In the past Greenies have agonized about global warming cutting salmon numbers

On a mid-july afternoon, when the tide was starting to come in on the Naknek River, the Bandle family’s commercial fishing nets lay stretched across the beach, waiting for the water to rise. With the fishing crew on break, Sharon Bandle emerged from a tar-paper-sided cabin that serves as kitchen and bunkhouse with a plate of tempura salmon and a bowl of cocktail sauce. Everyone dug in.

Here in southwestern Alaska’s Bristol Bay, the Bandle family has fished by setnet for nearly 40 years, anchoring nets hundreds of feet long on the beach, then stretching them perpendicularly into the river’s current. The webbing hangs like a curtain from a line of softball-size corks, intercepting sockeye salmon as they swim upstream to their spawning grounds. Crews of two or three in small aluminum skiffs pick the salmon from the nets; processing plants on the far side of the river head and gut the catch, then ship the bulk of it to China and elsewhere for additional processing.

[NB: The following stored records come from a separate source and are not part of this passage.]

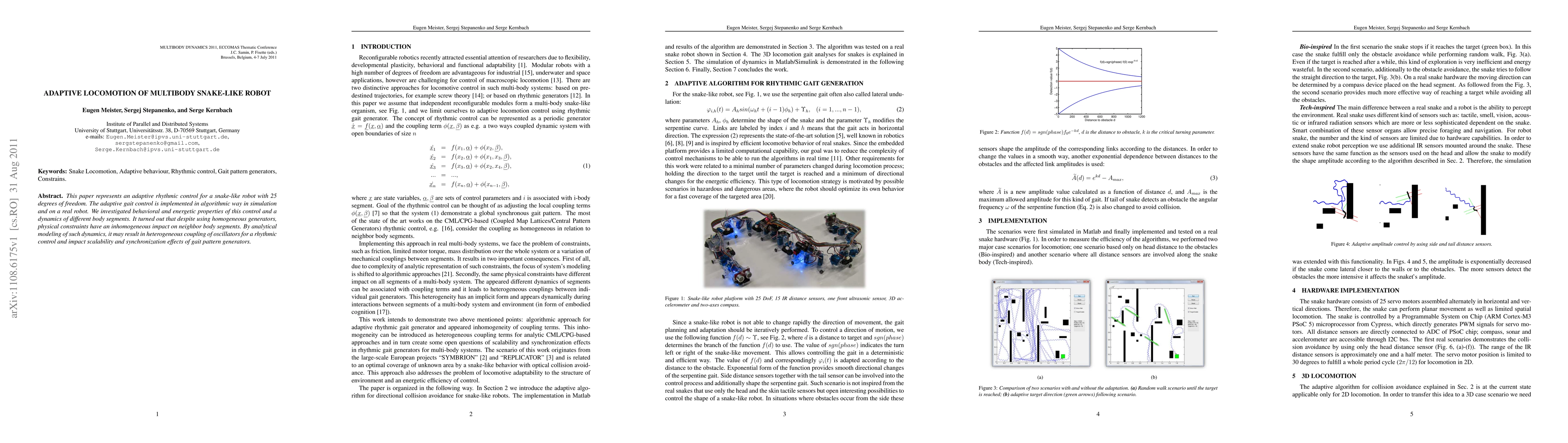 This paper represents an adaptive rhythmic control for a snake-like robot with 25 degrees of freedom. The adaptive gait control is implemented in algorithmic way in simulation and on a real robot. We investigated behavioral and energetic properties of this control and a dynamics of different body segments. It turned out that despite using homogeneous generators, physical constraints have an inhomogeneous impact on neighbor body segments. By analytical modeling of such dynamics, it may result in heterogeneous coupling of oscillators for a rhythmic control and impact scalability and synchronization effects of gait pattern generators.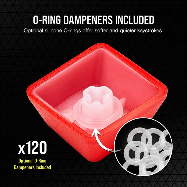 Optional silicone O-rings soften the sound and feel of keystrokes, offering a quieter and more comfortable experience when gaming or typing.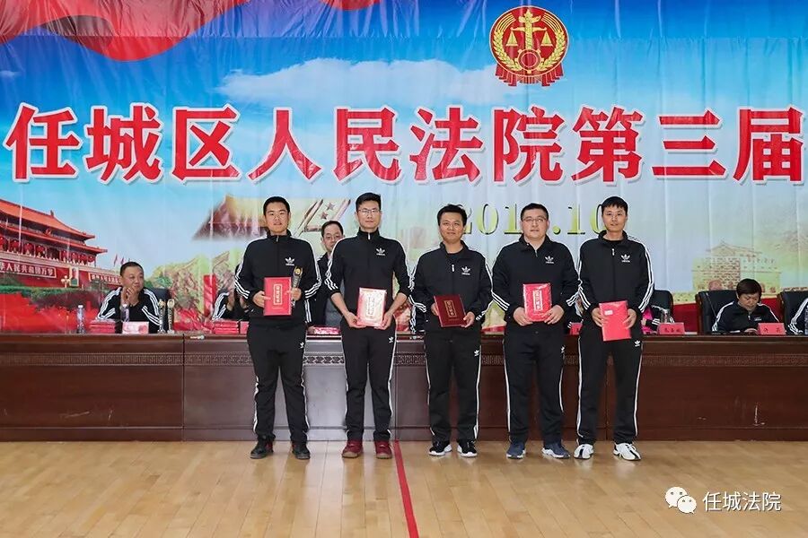 10月25日下午,任城法院第三届运动会经过紧张激烈的角逐,顺利完成了各项赛事,颁奖典礼和闭幕式在任城区文体中心隆重举行。党组书记、院长王爱新及院领导班子全体成员出席闭幕式并为获奖运动员颁奖,全院干警在团结、欢乐、和谐的气氛中,共同庆祝运动会取得圆满成功。
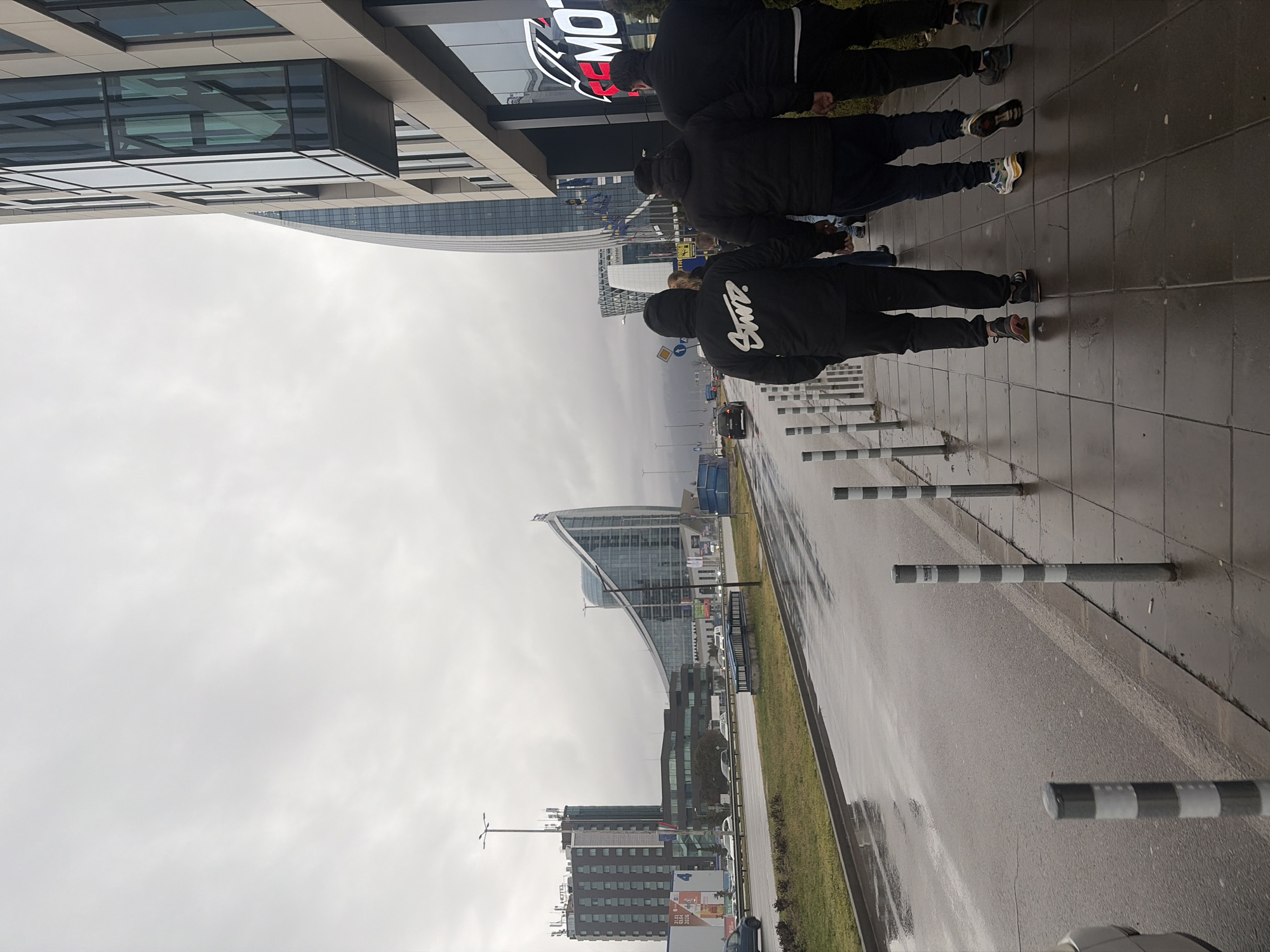 n urban scene on a rainy day. Four individuals wearing dark clothing are walking along a paved sidewalk adjacent to a street. Buildings with modern architecture are visible in the background. A sign with the word "REMO" is visible on one of the buildings. The location is Sofia, Bulgaria. Poles with alternating white and gray bands line the edge of the sidewalk. The sky is overcast.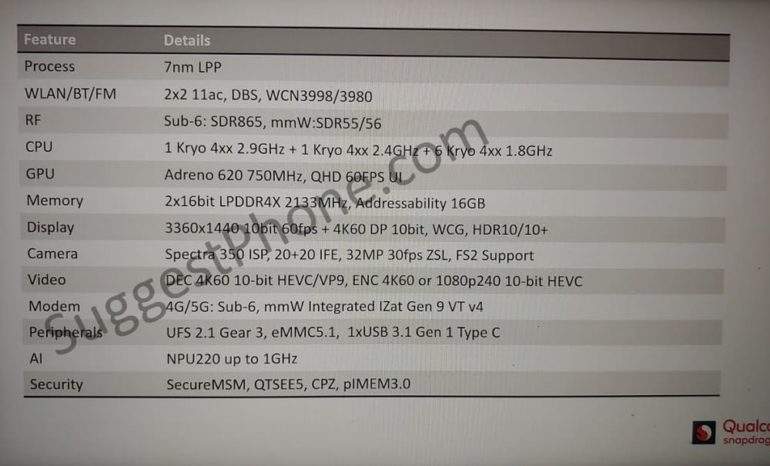 - Цифровой сигнальный процессор (DSP): Qualcomm Hexagon 688 DSP с 3-м поколением Qualcomm Hexagon Vector Extensions (HVX), Qualcomm All-Ways Aware technology;

Bristol Bay’s sockeye harvest has long made up about half of the global catch of this species, in a seasonal blitz as short as it is enormous: The fishery lasts a mere six weeks. Each summer, 15,000 seafood processors, boat-based fishermen, and setnetters—including families such as the Bandles—gather here to support an industry worth more than $2 billion in 2019. Some fishermen will net enough cash to live on until the fish come back the next year. And this year, Bristol Bay outdid itself, notching the largest sockeye run in the region’s recorded history with an astonishing 66 million returning fish. Even more astonishing, this season capped nearly a decade of extraordinarily high salmon returns in Bristol Bay, where sockeye harvests have reached more than 50 percent above the most recent 20-year average.